Crossposted to my personal blog
I was on a roundtable at ACH 2019 on The Life of a Lab, described on our slides as discussing “Cross-sectional issues of administration, funding, identity, and disciplinarity in DH labs.” The rough text of my talk follows along with my slides.
I’m Brandon Walsh, the Head of Student Programs in the Scholars’ Lab, a center for experimental scholarship in the University of Virginia Library, where our work is informed by digital humanities, spatial technologies, and cultural heritage. We are a part of and report through the library, and all but one of our employees are currently on hard salary lines. There’s much more to be said about nitty gritty things, and I’m happy to speak further in conversation with others about the Lab’s positioning and infrastructure. For now, I’ll just offer thoughts on this conversation from my own corner of our work, which is primarily student-driven and pedagogically inflected. The points I’ll raise aren’t ones we have the answers to necessarily, but they’re the work that we’re trying to think through.
I want to begin by situating my ideas in our space. This is a fisheye view of our public area (photo credit to Shane Lin), where students, faculty, and staff can collaborate on projects or get access to certain software packages (particularly GIS). It’s one of a few spaces we have, and we share it with the library and the public. Our makerspace is nestled in the back there, and any given day we have a number of people working there, some formally affiliated with us, some not. In the Lab we often say we prioritize building up people over projects. This positioning - this space that people move in and out of - both reflects and informs our philosophy in the Scholars’ Lab, which I’ve broken down here into a short list of points. Think of them as things I’d be likely to print out and pin to my wall as reminders/precautions/aspirations. Because of my own role, my remarks will largely deal with students.
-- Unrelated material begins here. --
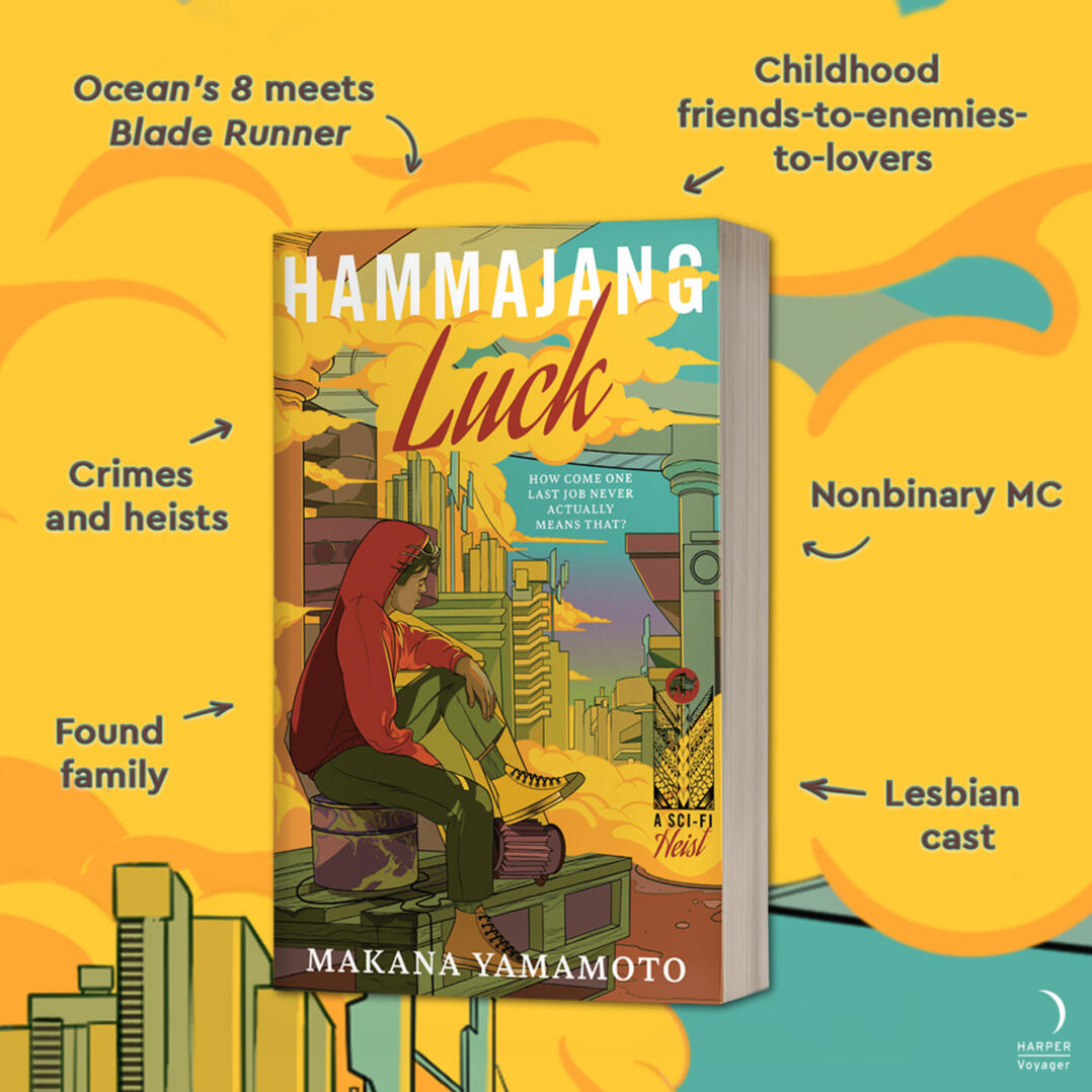 Hammajang Luck is a 2025 Locus Award Finalist for Best First Novel!Hammajang Luck is a 2025 Goodreads Choice Awards Nominee!"Yamamoto draws on their Hawaiian background while giving Ocean’s 8 a space opera twist in their entertaining debut... This is a blast.” - Publisher's Weekly"Like an Ocean’s movie set in space, Hammajang Luck will charm readers looking for a smooth ride with a lovable cast." - Book Page"Hammajang Luck has more to say than Ocean’s 8, the setting is more thoughtful and relevant than Blade Runner, and you still get the heist you came looking for! Seriously. What more could you ask for?" - Lightspeed Magazine“Hammajang Luck features all the best SF has to offer…between the lovable, queer cast of characters, the Hawaiian representation, and the action-packed heist, Yamamoto will leave readers excited for their next book.” - Starred Review from Booklist“Makana Yamamoto’s debut... is a splendid addition to the genre. With queer and trans characters, an is-this-a-romance, excellent team banter, and an exasperated sibling for Edie, all on top of a daring and audacious heist, there is an enormous amount to love...” - Locus Magazine"It possesses all the sterling attributes of the classic heist narrative, and adds in romance elements, plus the topic of familial bonds. The resulting blend is wholly organic and effective." - Locus Magazine 2024 Retrospective"...Yamamoto makes great use of each word, saying so much with a modest selection of words... Hammajang Luck is a master class on the “tempo” of writing compelling scenes." - Soapberry Review

Point 1: A lab’s community changes over time.
The life of a lab is one that waxes and wanes, that has lifecycles like any living thing. The Scholars’ Lab has a charter that expresses our values, but half of the people who wrote that document (one that is still very important to us) don’t work in the lab anymore (we’ll hopefully be renewing and rewriting soon). In the context of student work, one thing we think a lot about is how the community we give most of our resources to is necessarily going to leave (former Director Bethany Nowviskie has great reflections on this in her post “Too Small to Fail”). That’s not a problem per se. But it does lead to a difficult ebb and flow of outreach. It’s difficult to establish an identity on such shaky territory, and, yet, we’re nevertheless regularly called upon to do so. Life is about change.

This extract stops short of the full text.